Return the listing below unchanged, except that the pictures are dropped.

BEGIN Listed entries

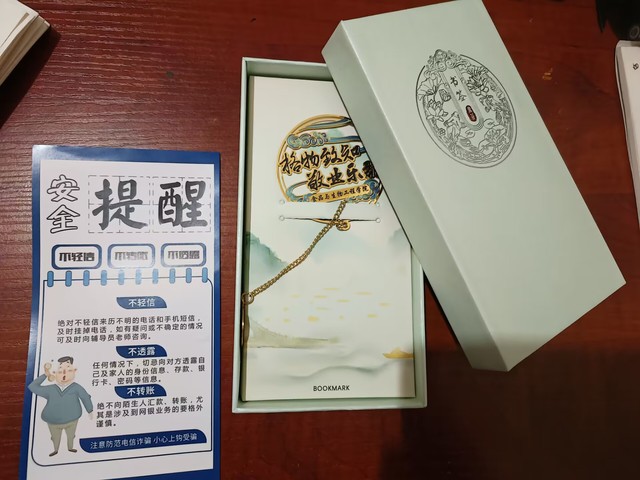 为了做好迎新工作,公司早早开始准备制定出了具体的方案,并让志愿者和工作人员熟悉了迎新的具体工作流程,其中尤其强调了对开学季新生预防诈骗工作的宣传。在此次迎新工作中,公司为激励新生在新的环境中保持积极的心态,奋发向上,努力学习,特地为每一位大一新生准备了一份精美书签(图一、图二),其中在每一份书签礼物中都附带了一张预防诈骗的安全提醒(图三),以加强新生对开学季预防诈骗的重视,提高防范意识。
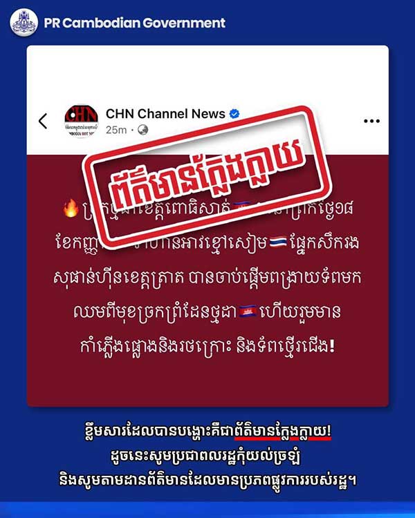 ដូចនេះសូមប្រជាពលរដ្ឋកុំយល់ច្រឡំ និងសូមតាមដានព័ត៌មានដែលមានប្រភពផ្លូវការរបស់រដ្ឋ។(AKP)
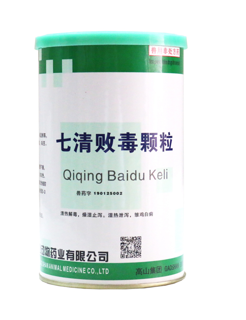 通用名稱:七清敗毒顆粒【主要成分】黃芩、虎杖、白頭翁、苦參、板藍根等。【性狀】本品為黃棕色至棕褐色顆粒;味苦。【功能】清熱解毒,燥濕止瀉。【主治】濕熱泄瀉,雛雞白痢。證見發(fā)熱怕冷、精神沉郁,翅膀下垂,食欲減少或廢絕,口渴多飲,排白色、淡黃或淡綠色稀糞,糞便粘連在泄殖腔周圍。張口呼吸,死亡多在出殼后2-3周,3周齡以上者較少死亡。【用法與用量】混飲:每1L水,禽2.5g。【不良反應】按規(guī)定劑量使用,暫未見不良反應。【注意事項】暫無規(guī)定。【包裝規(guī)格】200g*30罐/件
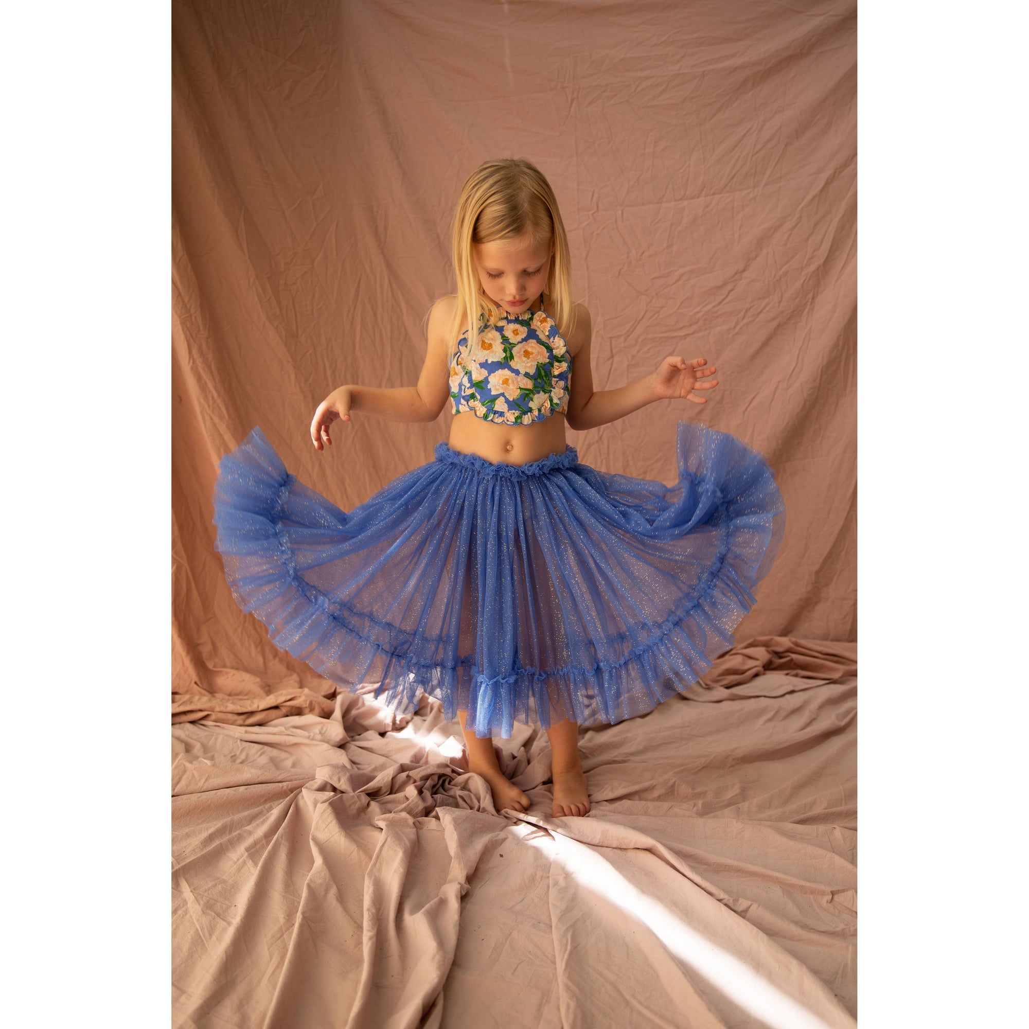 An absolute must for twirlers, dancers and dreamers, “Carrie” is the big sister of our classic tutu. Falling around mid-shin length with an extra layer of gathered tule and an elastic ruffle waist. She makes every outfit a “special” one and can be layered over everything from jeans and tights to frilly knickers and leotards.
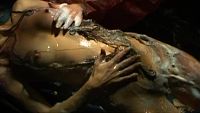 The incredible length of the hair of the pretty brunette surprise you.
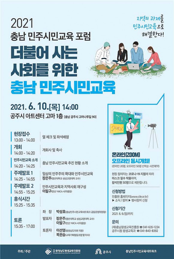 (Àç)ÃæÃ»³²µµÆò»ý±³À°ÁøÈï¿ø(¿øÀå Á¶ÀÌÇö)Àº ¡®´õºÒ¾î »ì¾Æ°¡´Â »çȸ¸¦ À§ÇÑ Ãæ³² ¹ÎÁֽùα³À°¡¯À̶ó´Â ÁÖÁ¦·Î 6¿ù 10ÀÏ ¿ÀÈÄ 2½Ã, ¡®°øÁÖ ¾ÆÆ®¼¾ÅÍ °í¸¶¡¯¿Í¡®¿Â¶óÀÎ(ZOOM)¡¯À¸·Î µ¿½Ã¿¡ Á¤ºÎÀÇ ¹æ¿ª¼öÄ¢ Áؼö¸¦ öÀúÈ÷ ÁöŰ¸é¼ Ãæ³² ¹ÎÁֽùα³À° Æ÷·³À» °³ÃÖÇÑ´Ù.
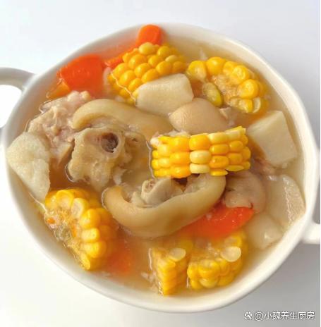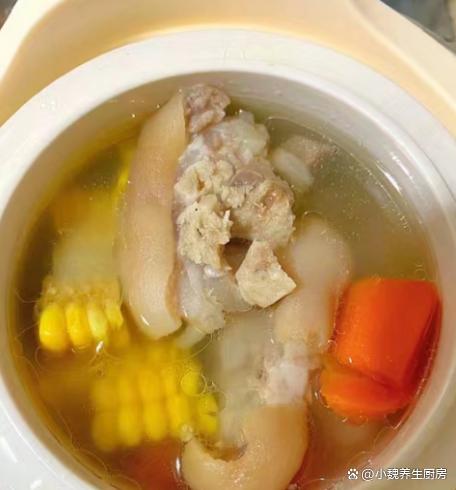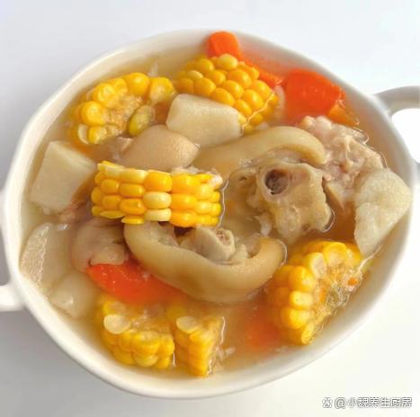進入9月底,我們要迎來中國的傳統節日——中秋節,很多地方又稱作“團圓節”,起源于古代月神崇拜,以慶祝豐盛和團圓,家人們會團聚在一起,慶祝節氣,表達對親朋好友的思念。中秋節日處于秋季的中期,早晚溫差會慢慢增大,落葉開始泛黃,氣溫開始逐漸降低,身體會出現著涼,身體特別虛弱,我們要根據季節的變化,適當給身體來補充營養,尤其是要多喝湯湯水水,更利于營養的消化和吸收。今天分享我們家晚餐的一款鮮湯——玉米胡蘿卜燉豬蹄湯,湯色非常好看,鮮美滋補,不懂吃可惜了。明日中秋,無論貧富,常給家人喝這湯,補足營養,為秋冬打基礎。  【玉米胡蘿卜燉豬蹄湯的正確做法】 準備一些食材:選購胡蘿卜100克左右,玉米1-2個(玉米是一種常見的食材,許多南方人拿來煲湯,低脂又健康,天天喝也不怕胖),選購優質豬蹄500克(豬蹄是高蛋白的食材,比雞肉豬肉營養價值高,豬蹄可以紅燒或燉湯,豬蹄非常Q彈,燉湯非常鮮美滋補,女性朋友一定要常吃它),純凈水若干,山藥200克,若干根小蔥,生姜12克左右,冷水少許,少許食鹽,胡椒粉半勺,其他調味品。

END Listed entries

◆ The completed task ◆
 为了做好迎新工作,公司早早开始准备制定出了具体的方案,并让志愿者和工作人员熟悉了迎新的具体工作流程,其中尤其强调了对开学季新生预防诈骗工作的宣传。在此次迎新工作中,公司为激励新生在新的环境中保持积极的心态,奋发向上,努力学习,特地为每一位大一新生准备了一份精美书签(图一、图二),其中在每一份书签礼物中都附带了一张预防诈骗的安全提醒(图三),以加强新生对开学季预防诈骗的重视,提高防范意识。
 ដូចនេះសូមប្រជាពលរដ្ឋកុំយល់ច្រឡំ និងសូមតាមដានព័ត៌មានដែលមានប្រភពផ្លូវការរបស់រដ្ឋ។(AKP)
 通用名稱:七清敗毒顆粒【主要成分】黃芩、虎杖、白頭翁、苦參、板藍根等。【性狀】本品為黃棕色至棕褐色顆粒;味苦。【功能】清熱解毒,燥濕止瀉。【主治】濕熱泄瀉,雛雞白痢。證見發(fā)熱怕冷、精神沉郁,翅膀下垂,食欲減少或廢絕,口渴多飲,排白色、淡黃或淡綠色稀糞,糞便粘連在泄殖腔周圍。張口呼吸,死亡多在出殼后2-3周,3周齡以上者較少死亡。【用法與用量】混飲:每1L水,禽2.5g。【不良反應】按規(guī)定劑量使用,暫未見不良反應。【注意事項】暫無規(guī)定。【包裝規(guī)格】200g*30罐/件
 An absolute must for twirlers, dancers and dreamers, “Carrie” is the big sister of our classic tutu. Falling around mid-shin length with an extra layer of gathered tule and an elastic ruffle waist. She makes every outfit a “special” one and can be layered over everything from jeans and tights to frilly knickers and leotards.
 The incredible length of the hair of the pretty brunette surprise you.
 (Àç)ÃæÃ»³²µµÆò»ý±³À°ÁøÈï¿ø(¿øÀå Á¶ÀÌÇö)Àº ¡®´õºÒ¾î »ì¾Æ°¡´Â »çȸ¸¦ À§ÇÑ Ãæ³² ¹ÎÁֽùα³À°¡¯À̶ó´Â ÁÖÁ¦·Î 6¿ù 10ÀÏ ¿ÀÈÄ 2½Ã, ¡®°øÁÖ ¾ÆÆ®¼¾ÅÍ °í¸¶¡¯¿Í¡®¿Â¶óÀÎ(ZOOM)¡¯À¸·Î µ¿½Ã¿¡ Á¤ºÎÀÇ ¹æ¿ª¼öÄ¢ Áؼö¸¦ öÀúÈ÷ ÁöŰ¸é¼ Ãæ³² ¹ÎÁֽùα³À° Æ÷·³À» °³ÃÖÇÑ´Ù.
進入9月底,我們要迎來中國的傳統節日——中秋節,很多地方又稱作“團圓節”,起源于古代月神崇拜,以慶祝豐盛和團圓,家人們會團聚在一起,慶祝節氣,表達對親朋好友的思念。中秋節日處于秋季的中期,早晚溫差會慢慢增大,落葉開始泛黃,氣溫開始逐漸降低,身體會出現著涼,身體特別虛弱,我們要根據季節的變化,適當給身體來補充營養,尤其是要多喝湯湯水水,更利于營養的消化和吸收。今天分享我們家晚餐的一款鮮湯——玉米胡蘿卜燉豬蹄湯,湯色非常好看,鮮美滋補,不懂吃可惜了。明日中秋,無論貧富,常給家人喝這湯,補足營養,為秋冬打基礎。  【玉米胡蘿卜燉豬蹄湯的正確做法】 準備一些食材:選購胡蘿卜100克左右,玉米1-2個(玉米是一種常見的食材,許多南方人拿來煲湯,低脂又健康,天天喝也不怕胖),選購優質豬蹄500克(豬蹄是高蛋白的食材,比雞肉豬肉營養價值高,豬蹄可以紅燒或燉湯,豬蹄非常Q彈,燉湯非常鮮美滋補,女性朋友一定要常吃它),純凈水若干,山藥200克,若干根小蔥,生姜12克左右,冷水少許,少許食鹽,胡椒粉半勺,其他調味品。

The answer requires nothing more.